阮秋把臉埋在襲淵的頸窩不敢抬起來,露出銀發的耳尖通紅。
今晚的作業還沒有寫完等明天該怎么跟司詢解釋。
襲淵一邊蹭著阮秋的耳側,想和他接吻“阮阮”
阮秋抬起頭,恍惚間發現襲淵的耳朵也很紅。
雖然他盯著自己的眼神像餓狼一樣,恨不得立刻把他吃掉。
第二天,阮秋按時與司詢視頻通話。
銀發蓋住了泛紅的耳尖,阮秋正色道“昨晚有人想偷襲,被趕走了作業我今天會補。”
司詢自然知道他說的偷襲是什么,并沒有懷疑“好。”
他依然很忙,叮囑幾句后便切斷了通訊。
阮秋松了口氣,關掉通訊器。
襲淵坐在他身旁,將他的一只手牽了過去。
他拿著一小盒藥膏,輕輕抹在阮秋的掌心和手腕。
阮秋紅著臉說“不、不用抹藥”
昨天他太困了,都不知道什么時候睡著的。
醒來的時候床鋪已經被襲淵整理過,床頭柜點著香薰。
襲淵剛從小浴室里出來,他恢復了神智,一點看不出昨天的模樣。
阮秋不知道他還記不記得,不敢多問,低著頭默默去洗漱。
襲淵及時攔住他,低聲問“手疼不疼”
原來他記得
阮秋視線躲閃“不疼。”
襲淵還是準備了藥膏,阮秋自己不肯用,就親自幫他抹上,除了手還有頸側的一個牙印。
抹完藥膏,襲淵抱著阮秋,小心親吻他的側臉“昨天嚇到了”
昨天發生的一切他都記得,包括阮秋對他的抗拒。
若他處于清醒狀態,怎么可能讓阮秋受委屈。
“別怕,”襲淵心疼地哄道,“我讓莉羅再做一個更好的防護器。
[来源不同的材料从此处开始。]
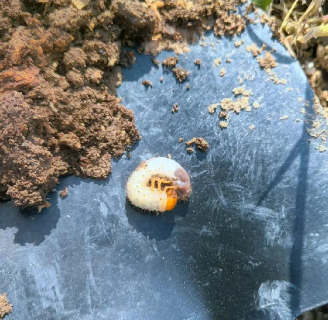 4、蛴螬。金龟子的幼虫,随土温回升,越冬幼虫上移至表土层取食植物根、块茎以及幼苗等。寄主植物:草坪草、麦冬、白三叶、金叶女贞等。

”
為什么會出現那種狀況,他自己都不清楚,還好阮秋沒有受傷。
阮秋眼睫顫動,含糊應了一聲“你沒事就好。”
他看向襲淵,又支支吾吾地開口“哥哥”
襲淵以為他還有哪里不舒服“怎么了”
“你昨天,”阮秋抬起一雙清澈的淺瞳,神色莫名期待,“叫我阮阮。”
從來沒有人這樣喊過他,而且在此之前,襲淵總是連名帶姓地叫他的名字。
襲淵看穿阮秋的意圖,捏起他的下巴輕吻“阮阮。”
他話音剛落,耳根慢慢變紅。
這個變化沒有逃過阮秋的眼睛,他神情呆呆的,愣了一會兒才捧著襲淵的臉側,在他唇上親了一口。
早上康雙池來過一趟,確認襲淵沒事。
他詢問襲淵是否需要抑制劑,得到拒絕后就走了,也不多問別的。
之后莉羅又來了,讓襲淵取下脖頸上的感應器。
“這個東西已經沒用了,”她說道,“我做了一個新的。”
她重新拿出一個小圓片,卻是要給阮秋用的。
“這是精神力實時檢測器,能隨時捕捉精神力的狀態,”莉羅解釋道,“精神力的使用量、剩余量,以及是否外泄,都能準確記錄。”
襲淵不耐煩“有什么用”
“我想知道,阮秋的精神力是否會影響你的狀態。”莉羅回答。
這個問題她考慮過一次,當時覺得兩人在擬真倉見面的情況下,襲淵也能被影響,應該不是精神力的原因,于是沒有繼續深究。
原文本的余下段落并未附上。